The new version implements new features in the areas of deep learning and matching as well as improvements to the subpixel bar code reader, Deep OCR, and the integrated development environment HDevelop. HALCON 21.05 Progress gives users the benefit of even more robust machine vision processes and improved usability.
- HDevelop usability improvements
HDevelop’s new window docking has been improved. Users have now more options to control the position where floating windows are opened.
- Deep OCR improvements
With HALCON 21.05, the performance and usability of Deep OCR have been improved. Big images are now handled more robustly and the result now contains a list of character candidates with corresponding confidence values, which can be used to further improve the recognition results. Customers also benefit from an overall improved stability as well as from the fact that they can address a wider range of possible applications, thanks to additional character support.
- Deep Learning Framework
HALCON 21.05 introduces a first version of the HALCON Deep Learning Framework. This framework allows experienced users to create their own models within HALCON. With this feature, experts can now realize even the most demanding and highly complex applications in HALCON without having to rely on pretrained networks or third-party frameworks.
- Generic Shape Matching
HALCON 21.05 introduces Generic Shape Matching, which makes MVTec's industry-proven shape matching technologies even more user-friendly and future proof. By significantly reducing the number of required operators, users can now implement their solution much faster and a lot easier. Moreover, thanks to the unification of HALCON’s different shape matching methods into a single set of operators, users can now integrate new shape-matching-related features more smoothly.

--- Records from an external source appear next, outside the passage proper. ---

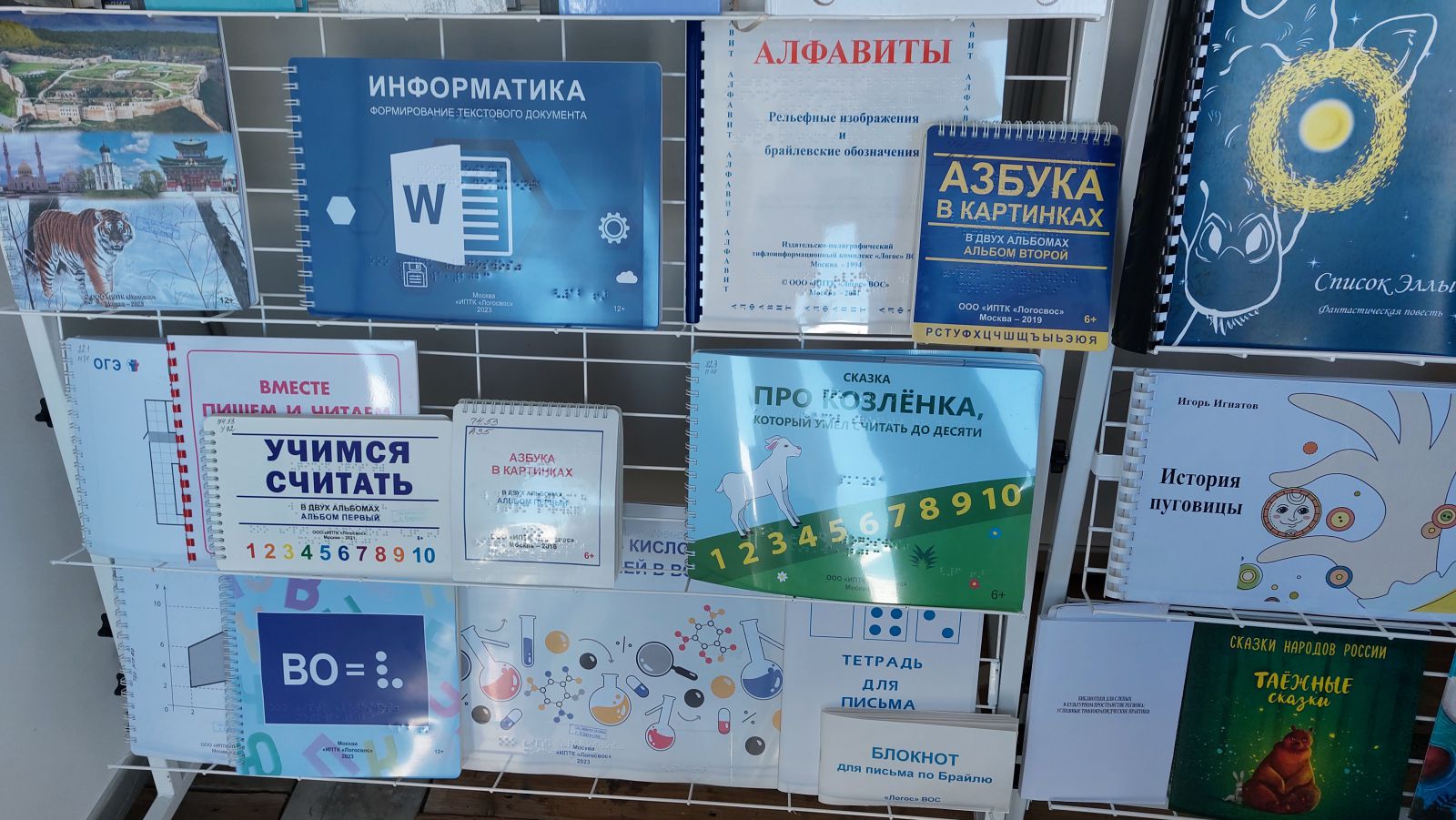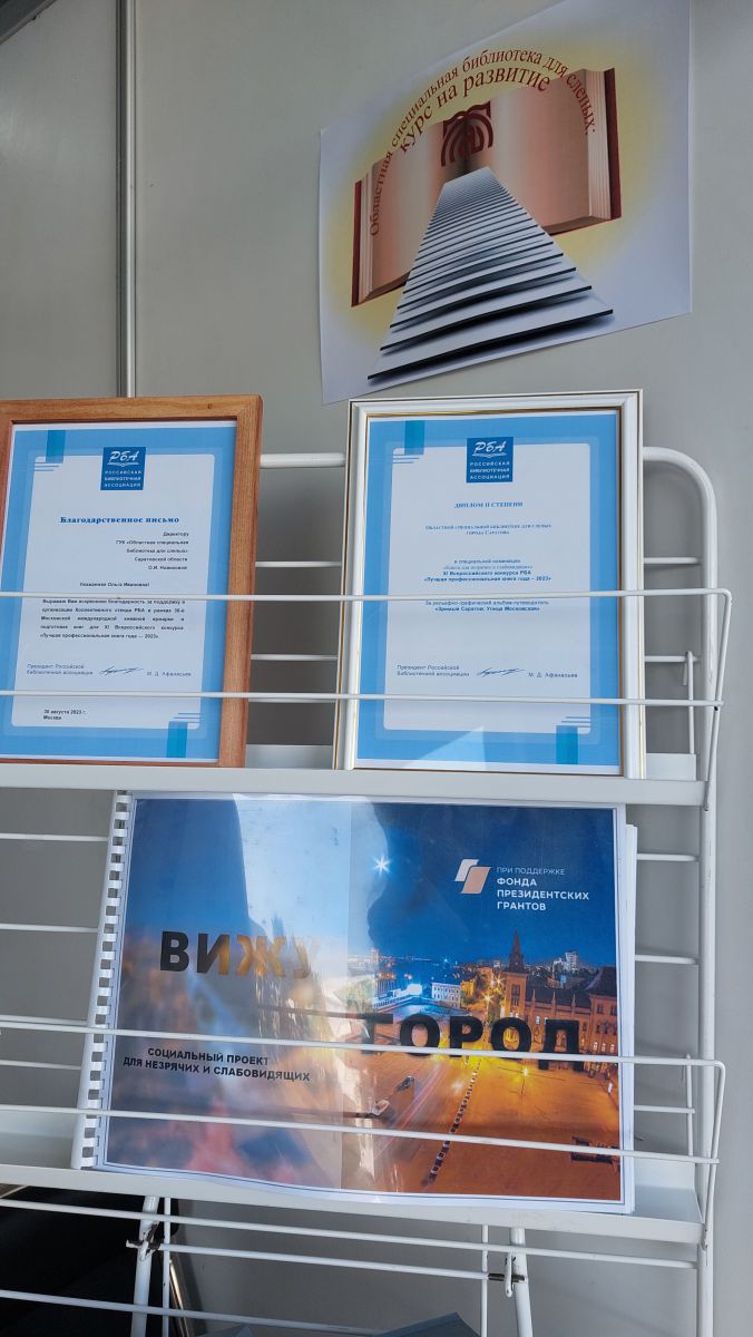 Выставка «Областная специальная библиотека для слепых: курс на развитие» рассказала о достижениях библиотеки. В 2023 году библиотека стала призёром XI Всероссийского конкурса Российской библиотечной ассоциации «Лучшая профессиональная книга года – 2023», заняв второе место в специальной номинации «Книги для незрячих и слабовидящих» - на выставке представлен многоформатный альбом-победитель «Зримый Саратов: улица Московская», знакомящий читателей с проблемами зрения с достопримечательностями одной из главных улиц города Саратова. Вниманию посетителей выставки также представлены многоформатные альбомы «Проспект имени Петра Столыпина», «Оружие Победы». Эти издания позволяют читателям с ограничениями зрения совершить прогулку по знаковым улицам нашего города, познакомиться с его достопримечательностями в доступном для них формате.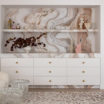 კოლექციის დიზაინი აგებულია ტრადიციულ ელემენტებზე: პროფილირებული კარნიზები, ფიგურული კრონშტეინები, ქვისგან დამზადებული ზედაპირები. ამოტვიფრული მინა, ხელის მხატვრობა და ლითონის ჩანართები კოლექციას განსაკუთრებულ ხიბლს ანიჭებს. საერთო კომპოზიცია აერთიანებს ღია თაროებს, მოჭიქულ კარადებსა და მოდულებს ყრუ კარებით.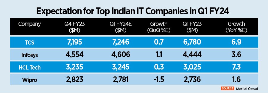 TCS and HCL Tech will kick off the earnings results season today for the sector's fiscal first quarter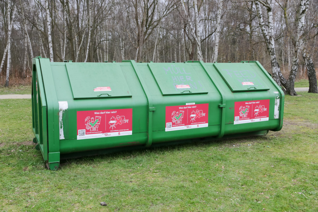 Zur Entsorgung von Abfällen stehen, neben diversen Mülltonnen rund um den See, am Ostufer zwei neue feuerfeste Grillaschetonnen aus Cortenstahl sowie ein großer Müllcontainer mit 13,5 Kubikmetern Fassungsvermögen zur Verfügung. Diese sind für Essensreste, Verpackungen und Grillabfälle gedacht, nicht jedoch für Haus- oder Sperrmüll. Zusätzlich wird das Gelände zweimal wöchentlich, montags und samstags, gereinigt.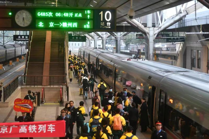 10月11日起,全国铁路调整第四季度列车运行图。作为距离北京市中心最近的火车站,北京站首次始发开行京广高铁列车。列车的开行为北京市区东部市民乘坐京广高铁提供便利,同时东北到京旅客南下京广也更加方便。首都核心圈与革命老区及沿途城市的交融交流更加紧密。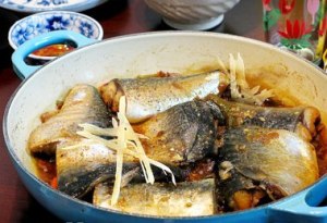 Cá mặn chưng gừng ăn với rau tập tàng, rau muống, đậu bắp, đậu rồng, đậu que luộc là món làm cho hơi bị tốn nhiều cơm. Không luộc rau mà ăn với dưa leo sống, đậu rồng sống cũng rất ngon. Trời mưa, dọn ra nồi cơm nóng bốc khói nghi ngút, trên mâm có tô cá mặn chưng gừng thịt ba rọi, ăn với rau mới luộc nóng hổi thì phong lưu cỡ Hoàng Đế Càn Long cũng phải “Cho trẫm xin một chén”.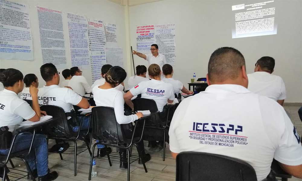 Morelia, Michoacán .- Comprometidos con la educación, profesionalización y especialización de los funcionarios encargados de hacer cumplir la ley, el Instituto Estatal de Estudios Superiores en Seguridad y Profesionalización Policial del Estado de Michoacán (IEESSPP), avanza satisfactoriamente en la formación inicial de 60 elementos en el municipio de Uruapan.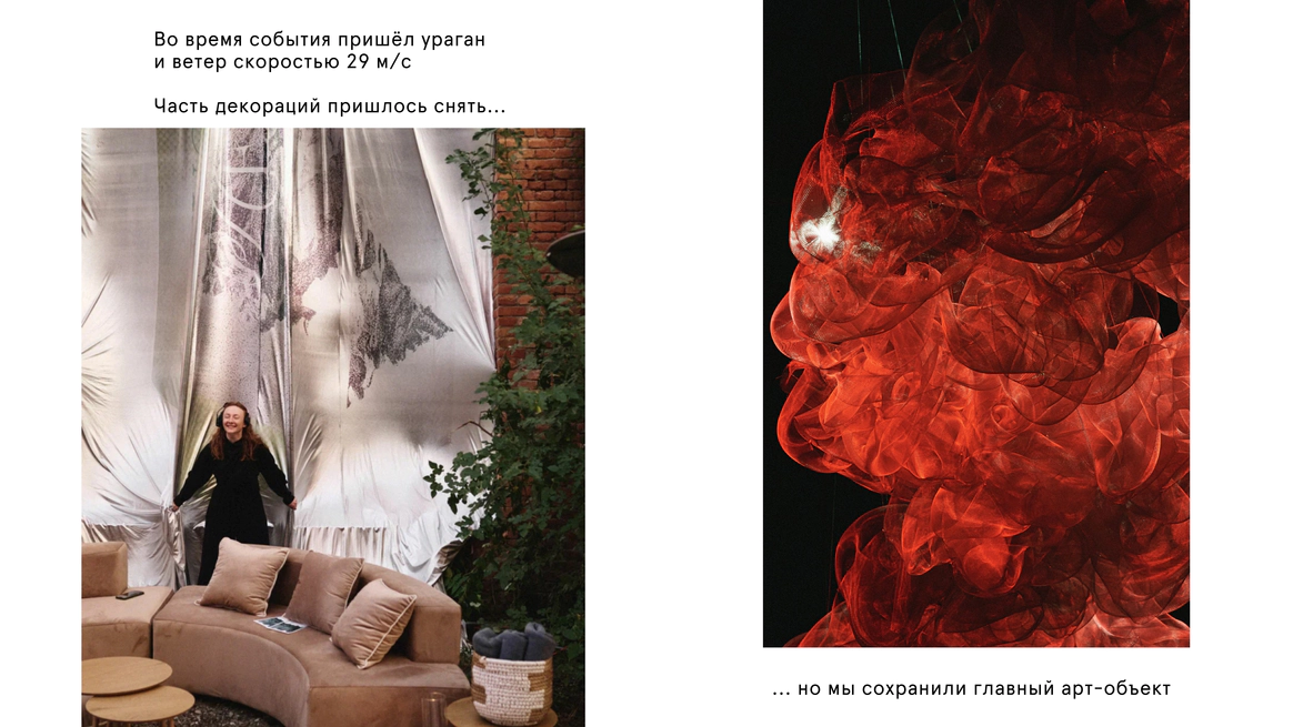 6. Ветре до 29 м/с, который сносил скатерти с посудой и рвал полотна на фасаде, вся ключевая конструкция - облако, сцена, свет, экраны осталась стабильной за счёт инженерных креплений и оперативной перестройки.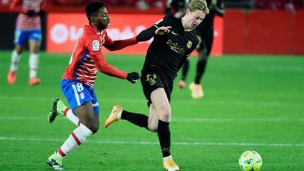 La metaformosi del Barça es podrà donar per completa quan sigui capaç de mostrar-se com un onze més sòlid i segur. Per no abandonar el calamitós costum de l’any pandèmic, a punt va estar d’encaixar primer. Igual que a Bilbao, seu de la primera remuntada com Déu mana. Una mala passada horitzontal de De Jong a Busquets (semblant a la de Messi a San Mamés) va deixar Antonio Puertas enfilant cap a Ter Stegen. Una mà de l’alemany va evitar la desgràcia acostumada i va donar temps als seus companys que agafessin l’aire al partit. No era fàcil davant un Granada d’empenta i peu fort, envalentit pel seu bon moment esportiu, fent-se amb les altes esferes, també les europees, i amb el record del 2-0 de l’última Lliga. D’aquell onze del Barça només repetien Griezmann i De Jong.

- Subpixel bar code reader improvements
HALCON’s subpixel bar code reader is capable of reading codes with very thin bars. In HALCON 21.05, the subpixel bar code reader has been improved regarding low-resolved codes. The decoding rate for those can now increase up to 50%.
- Improvements of basic operators in 2d and 3d for fast and robust preprocessing
3D point cloud sampling now supports a new mode called “furthest point”, which typically results in a more uniform sampling of a 3D object. The user sets the number of output points and then iteratively adds to the output object the point of the input object that is furthest from all points already added to the output model. The furthest point mode usually allows a reasonably uniform sampling. The 3D point cloud smoothing has been extended by a new mode that uses information from the XYZ-mappings. 3D point cloud smoothing can be used as a preprocessing step to smooth point clouds and remove noise. This mode usually leads to a much faster processing time.
Further improvements in HALCON 21.05 include general speedups of basic image operators.